There is NO "ideal" number of samples! NEVER can be an ideal number actually.
Do you understand that sampling is a statistical method? IF the testing you decide to do to analyze future failures is actually "statistical" in nature it can only - at best! - provide a statistically correct way to estimate the probability of some future "identically statistically identical" object of failing in real-world use the same way as it was tested.
Now, the test of even only ONE object may show absolutely that the design will always fail (too weak, too flexible, the wrong shape, etc.) Or it may show that the object is absolutely strong enough and big enough, but absolutely too heavy to fly, or tall to lift, or too wide to fit in a doorway or in the shipping container.
But, if you test 5000, the 5001 might break early in service life anyway because the customer didn't "behave like the test" and "didn't install it per procedure" in the "expected design conditions" ...
The nbr of test pieces requires an analysis of the likely failure mechanism, the amount of variance between the fabricated parts (castings are notorious for random unpredictable failures internally due to voids, cracks, stress risers, holes, vents, cavities, and failed molds!) So, what is your standard deviation of each part?

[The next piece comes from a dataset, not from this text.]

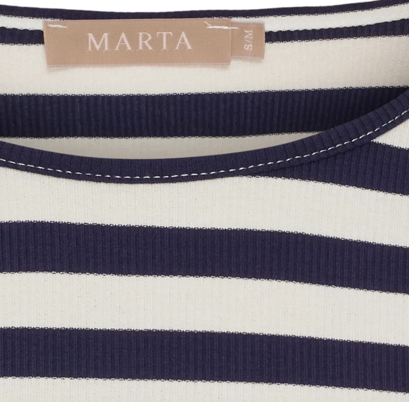 Basis stribet langærmet bluse i navy fra Marta Du Cháteau i en blød kvalitet. Blusen er tætsiddende og komfortabel, og fungerer som en enkel basisstyle i garderoben. Materialesammensætningen er 97% viskose og 3% elastan. Der er et stribet mønster, som giver et klassisk og afdæmpet udtryk.

What is the expected failure mechanism? How likely is your test going to discover the expected flaw in the product? (If a 0.2 mm pinhole causes a fatal leak, will your test actually find that size pinhole?) How expensive is the test to run? How long must you run the test? How expensive is the replacement part - if it is tested to destruction? What is the cost of failing the test? What is the cost of NOT failing the test (getting a false "positive" result, and then building the bad product based on bad test results? How many parts will you build, and will any test actually find the potential flaws?
A rocket engine and rocket cost 100,000,000.00. The test costs an additional 50,000,000.00 How many times do you test the irreplaceable rocket engine before launching a 750,000,000.00 dollar satellite into orbit? A submarine and its nuclear reactor costs 2.8 billion and has 120 people on board, takes 6 years to make. How many tests do you do before letting it submerge the first, 2nd, and 3rd time?